Sum in each floor by category in aggregation

I have a MongoDB collection as below picture (sample).

I want to have a sum of each category one after another. If I use ‘$group’ aggregation, I will have the sum of all categories, which is not my desired result.

Can anyone help me in this case?

I have no idea what to try.

1 Like

You mentioned you want the sum in each floor in your title yet your sample data has no field that we could interpret as a floor.

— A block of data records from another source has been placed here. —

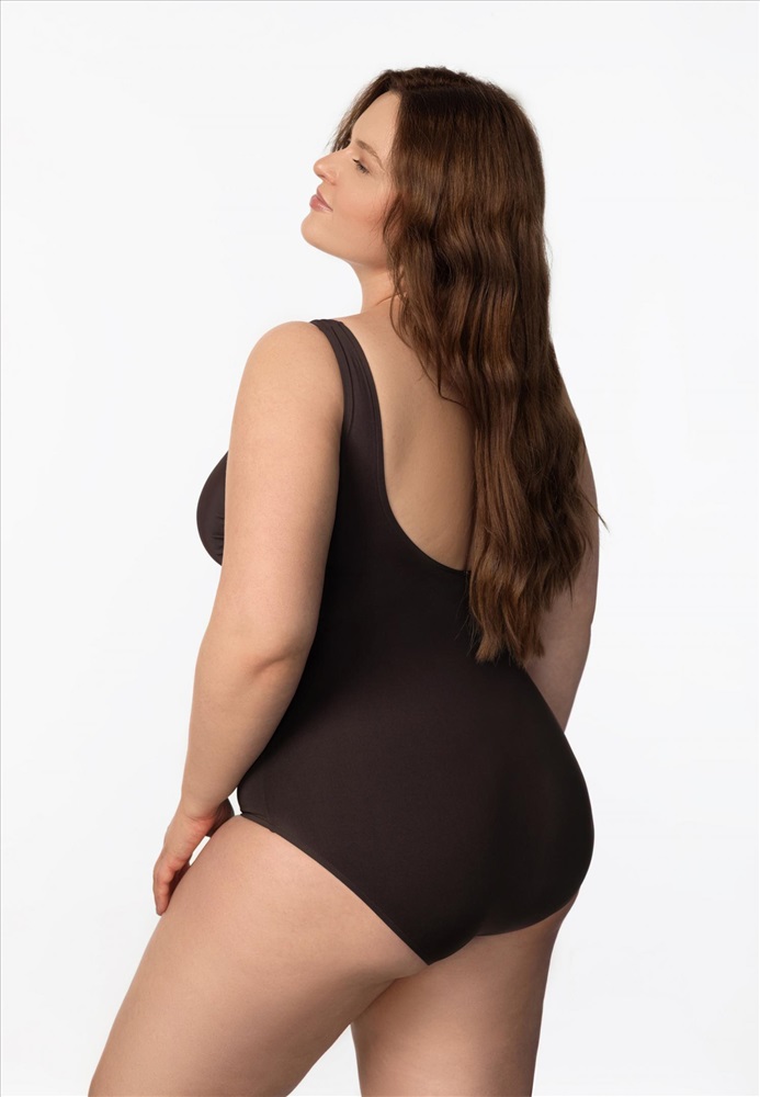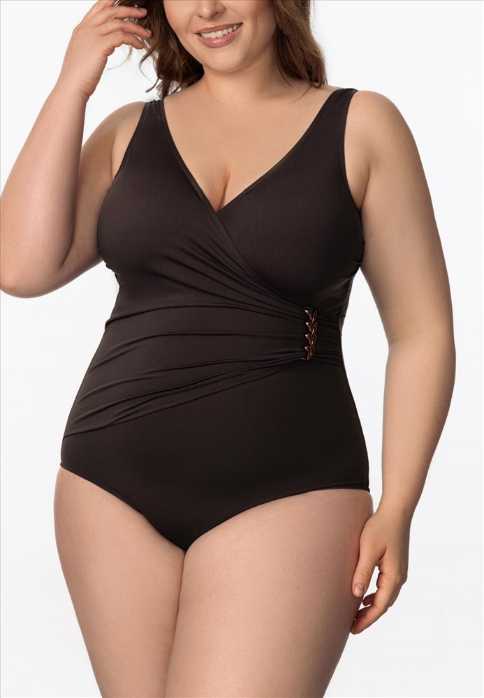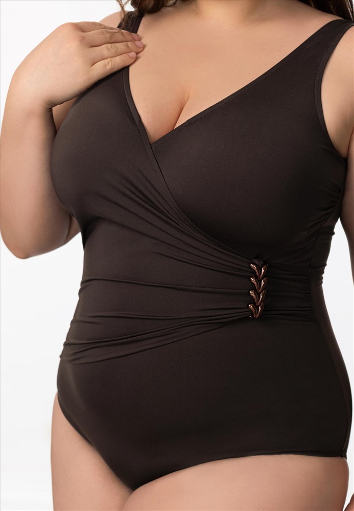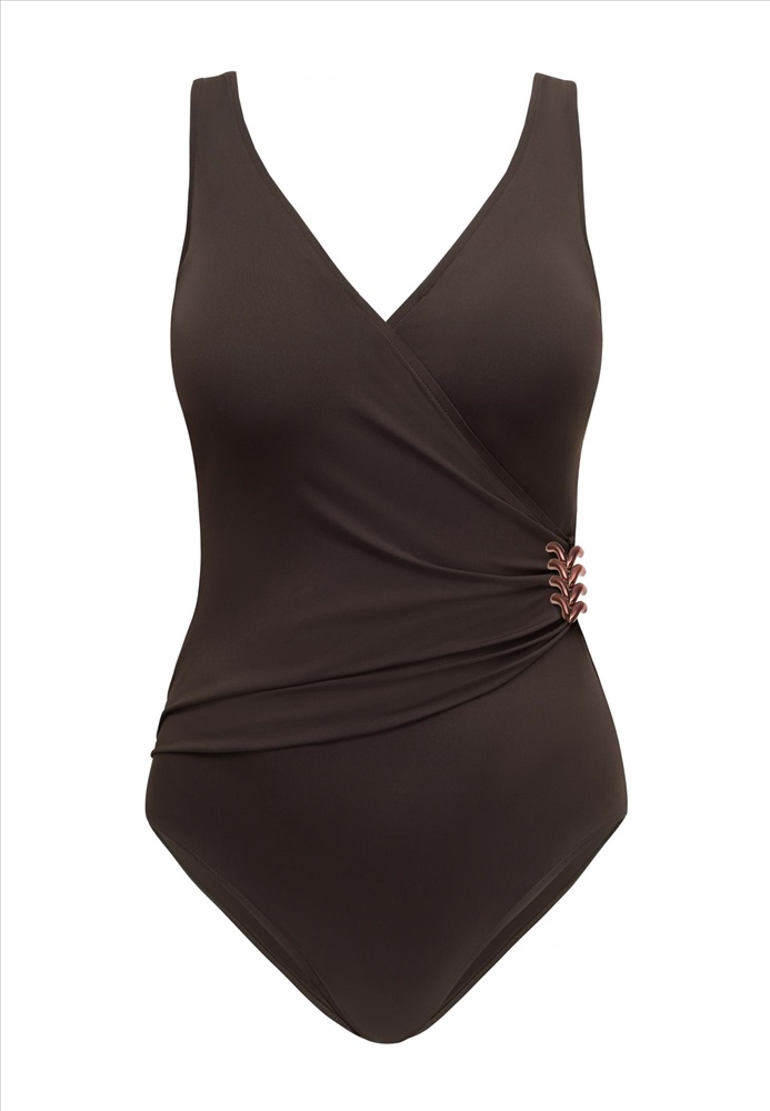 Купальник с тонкими вшитыми корректорами и поддерживающей резинкой под грудью. Асимметричный крой и драпировка с аксессуаром на передней детали визуально корректируют фигуру. С изнанки — корректирующий слой специальной подкладки (powermesh).
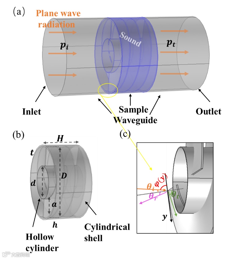 图2所示为螺旋吸声器的模型。(a)将螺旋单元置于波导中;(b)螺旋装置的内部结构;(c)声波在螺旋单元入口处的波传输行为反/折射示意图。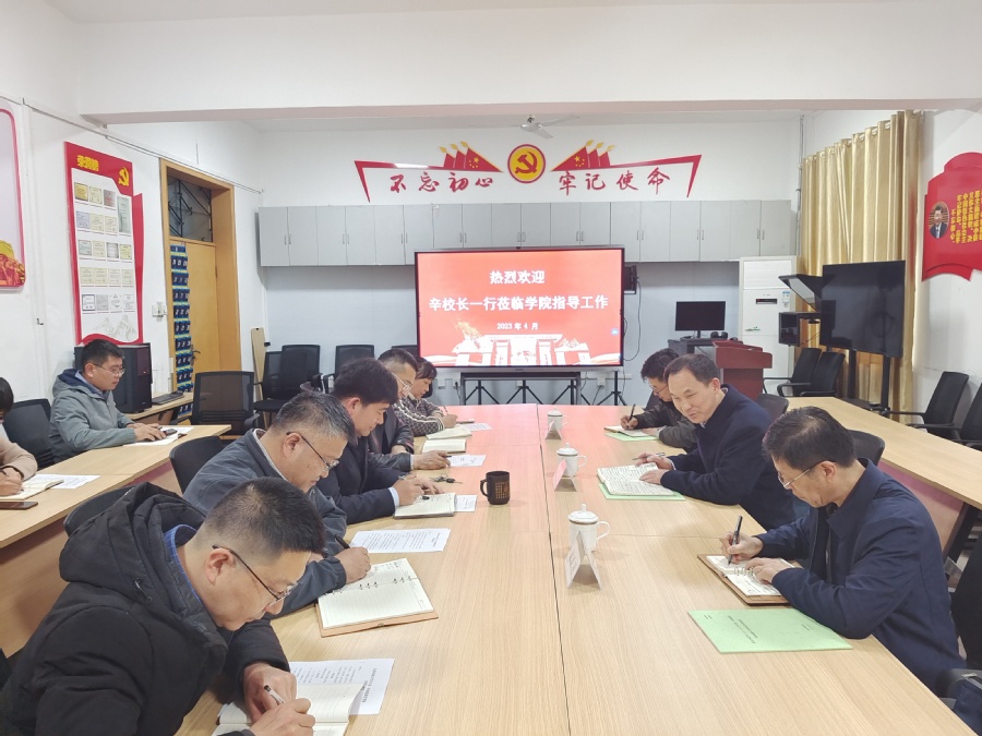 教务处处长谢胜利,副处长董岳陪同调研。学院班子领导、各系主任、团委书记,办公室主任参加调研座谈会。

It is also not clear what criteria make the A of 2021-01-01 any different from the A of 2023-01-08 but it looks you do not want them to be sum together.

Please share your sample documents in text form so that we can cut-n-paste into our system to experiment with your issue.

Also share the aggregation you tried and explain how it fails from your expected result.

Hello Steeve,
thanks for reply.
I did some changes to make the data clear.
here are my data:

[
{
User: "Edvin",
Date: "2023-01-01",
City : "Paris",
Cost: 10
},
{
User: "Edvin",
Date: "2023-01-02",
City : "Paris",
Cost: 7
},
{
User: "Edvin",
Date: "2023-01-03",
City : "Milan",
Cost: -9
},
{
User: "Edvin",
Date: "2023-01-04",
City : "Milan",
Cost: 6
},
{
User: "Edvin",
Date: "2023-01-05",
City : "Milan",
Cost: 25
},
{
User: "Edvin",
Date: "2023-01-06",
City : "Berlin",
Cost: 3
},
{
User: "Edvin",
Date: "2023-01-07",
City : "Berlin",
Cost: 17.5
},
{

User: "Edvin",
Date: "2023-01-08",
City : "Paris",
Cost: 4
},
{
User: "Edvin",
Date: "2023-01-9",
City : "Paris",
Cost: 5
},
{
User: "Edvin",
Date: "2023-01-10",
City : "Milan",
Cost: 1
},
{
User: "Edvin",
Date: "2023-01-11",
City : "Paris",
Cost: 9
},
{
User: "Edvin",
Date: "2023-01-12",
City : "Berlin",
Cost: 12
},
{
User: "Edvin",
Date: "2023-01-13",
City : "Berlin",
Cost: 1.5
},
{
User: "Edvin",
Date: "2023-01-14",
City : "Berlin",
Cost: 3.2
},
]

What i’m trying to do is to find each user Timeline including Cost.
(From the first line of my row data)Assume Edvin went Paris on 2023-01-01 and he left Paris on 2023-01-02, then he went to Milan on 2023-01-03 and left on 2023-01-05 and so on.
I want some of cost by each destination but step by step.
i.e:
1: Paris - 2023-01-02($last date), total cost: 17
2: Milan - 2023-01-05 - total cost: 22
3- Berlin - 2023-01-07 - total cost: 20.5
4- Paris - 2023-01-09 - total cost: 9
and so on

I really have no idea what to do.
If i use $group, it returns 3 cities overall.
I attached my desire result in a chart to make the question clear.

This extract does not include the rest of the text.